Separating mutations by expression significantly enhances PDAC subtyping
In order to determine if mutation expression groups provide insight into prognostic relevance, the Network Based Stratification (NBS)43 pipeline was utilized on both the 19 patient-derived cell lines and 75 TCGA samples. NBS uses a protein-protein interaction network to separate samples into a predefined number of subtypes based on a mutation sample matrix. To quantify the prognostic capabilities of mutation expression groups, a survival log rank statistic -Log10(p-value) was calculated for only the TCGA samples. The log rank statistic p-value was calculated for all possible combinations of mutation expression groups, using 3–8 predefined number of subtypes (Fig. 7a). The combination of mutation expression groups that had the strongest statistical prediction of prognosis was the V-ex and W-ex mutations. This held true regardless of the number of predefined subtypes. These findings further support that both the V-ex and W-ex mutations are relevant to tumor biology and occur within similar neighborhoods of the protein-protein interaction network. Comparatively, N-ex mutations have little influence on the progression of the tumor and appear to be randomly distributed within a protein-protein interaction network. To compare the prognostic prediction of the V-ex and W-ex mutations to gene rankings of popular driver mutation detection methods, we performed a similar NBS analysis on results produced by 2020+, Muffin and OncodriverFM (Fig. 7b). To perform an unbiased comparison between all methods, the same input data was used for each method to produce a ranked list of mutated genes. Then for the NBS analysis, the same number of ranked mutated genes was used to generate a mutation sample matrix (n = 1,349). Compared to each driver mutation detection method, the combination of the V-ex and W-ex mutations provided the best prognostic prediction for each number of predefined subtypes. Thus, these results imply that that similar to Fig. 4f, current driver mutation detection methods report many false positives which contaminate results and affect downstream analyses. However, by separating mutations based on their allelic expression, it was possible to remove a large subset of mutations that appear to have little to no influence on the progression of the tumor and significantly enhance prognosis prediction with an emphasis on mutation data.

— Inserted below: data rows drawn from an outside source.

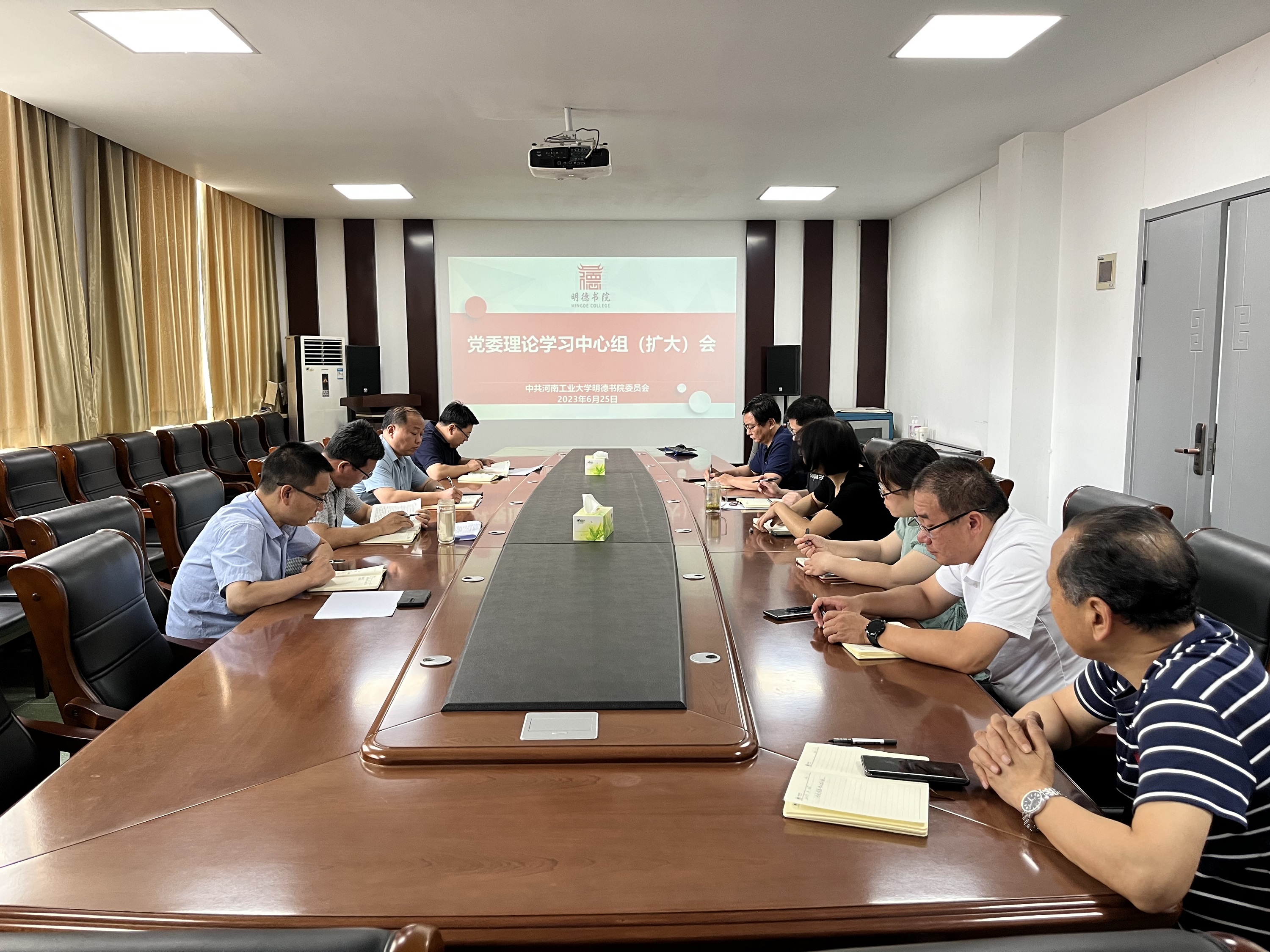 党委理论学习中心组在会议室207召开中心组(扩大)会议。书院领导班子及各科室科长参加了本次学习。会议由院党委书记魏朝举主持。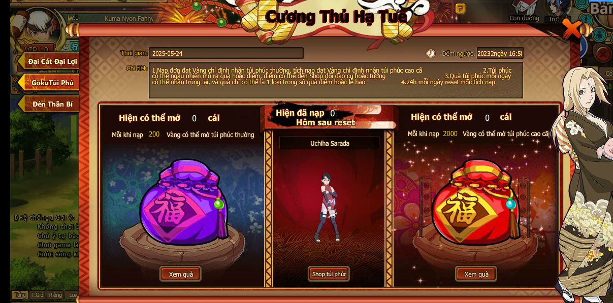 3. Quà túi phúc mỗi ngày có thể nhận trùng lại, và quà chỉ có thể là 1 loại trong số quà điểm hoặc lễ bao.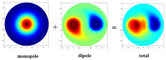 Siegel et al. pointed out that chlorophyll’s monopole structure reflects mesoscale eddies’ role in addition to eddy stirring, and the dipole structure reflects the role of eddy stirring in a mesoscale eddy [4]. Gaube et al. simulated the monopole and dipole structures of chlorophyll anomalies and combined them. The results were similar to the anticyclonic eddy observed in the Leeuwin Current [7]. Frenger et al. separated unipolar SST anomalies by radially averaging the total SST anomalies relative to the eddy’s centroid [23]. A method is used to separate monopoles and dipoles in mesoscale eddies; subtract the remaining term of the monopole structure from the synthetic mean data of the mesoscale eddies as the dipole structure of the mesoscale eddies. The specific formula is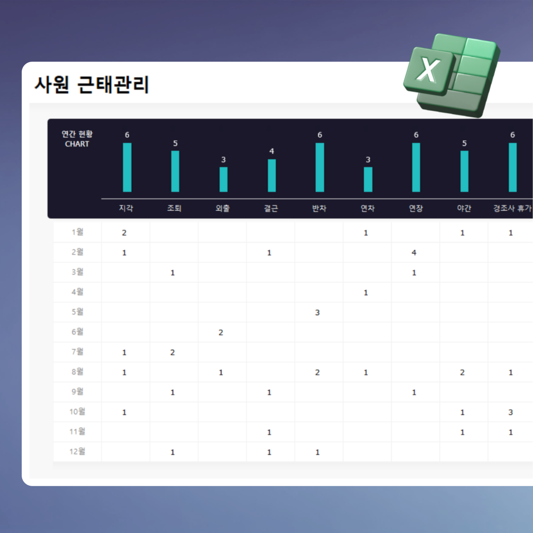 사원 및 부서의 근태내역을 관리할 수 있도록 제작된 사원 근태관리 엑셀템플릿입니다. 사용자가 직접 근태항목을 설정할 수 있으며, 설정된 항목에 따라 월/연간 근태현황을 전체, 사원/부서별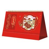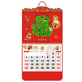 • 特度對開中國紅金雕窗花掛歷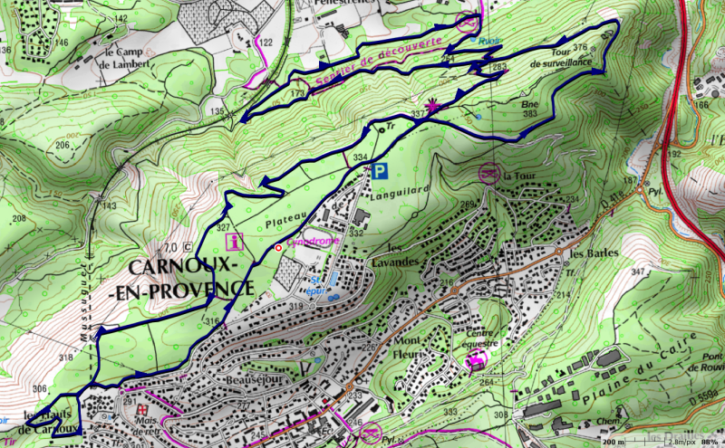 Cette manifestation propose 3 parcours de 13, 9,5 et 6,5 km empruntant des sentiers et chemins sur les communes de Carnoux et Aubagne.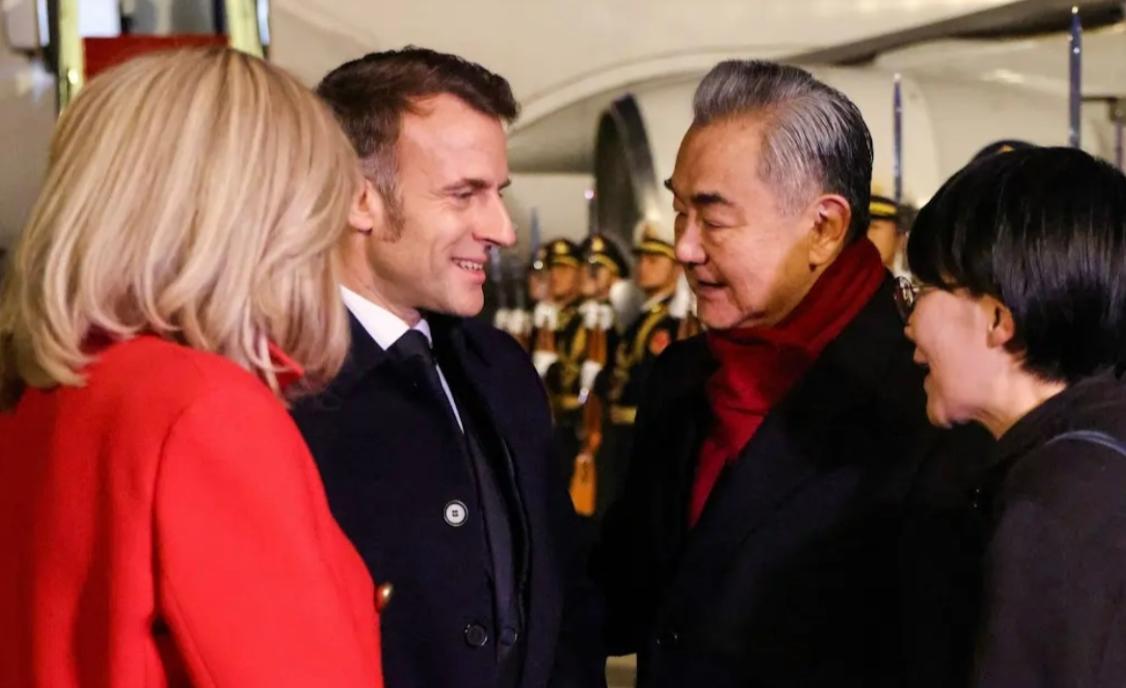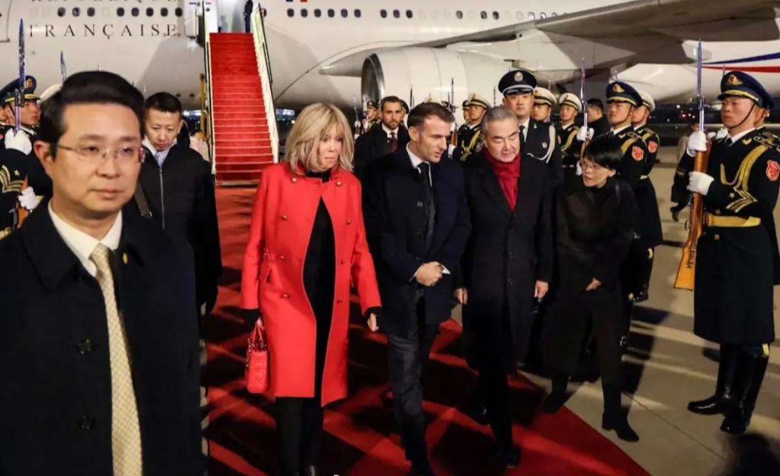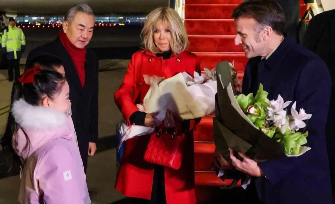 马克龙夫妇抵达北京的高清照来啦!法国夫人抱着鲜花气色好,献花小姑娘穿着粉色棉衣亭

Separating mutations by expression enhances PDAC subtyping. (a) The log rank statistic -log10(p-value) based on the NBS results for 75 TCGA samples. The log rank statistic -log10(p-value) was calculated for the NBS results of all pairwise combinations of mutation expression groups from 3–8 number of predefined subtypes. (b) The log rank statistic -log10(p-value) based on the NBS results for 75 TCGA samples using the stratified samples based on results from 2020+, Muffin, OncodriveFM or V-ex and W-ex mutations. (c) Kaplan Meier plot for TCGA samples based on the NBS results using V-ex and W-ex mutations with number of subtypes equal to three. (d) Networks signifying the mutated pathways that are unique to subtype 1 and subtype 2. (e) Cell line drug response data, grouped by identified subtypes and statistical significance via a Wilcoxon Mann Whitney less than test.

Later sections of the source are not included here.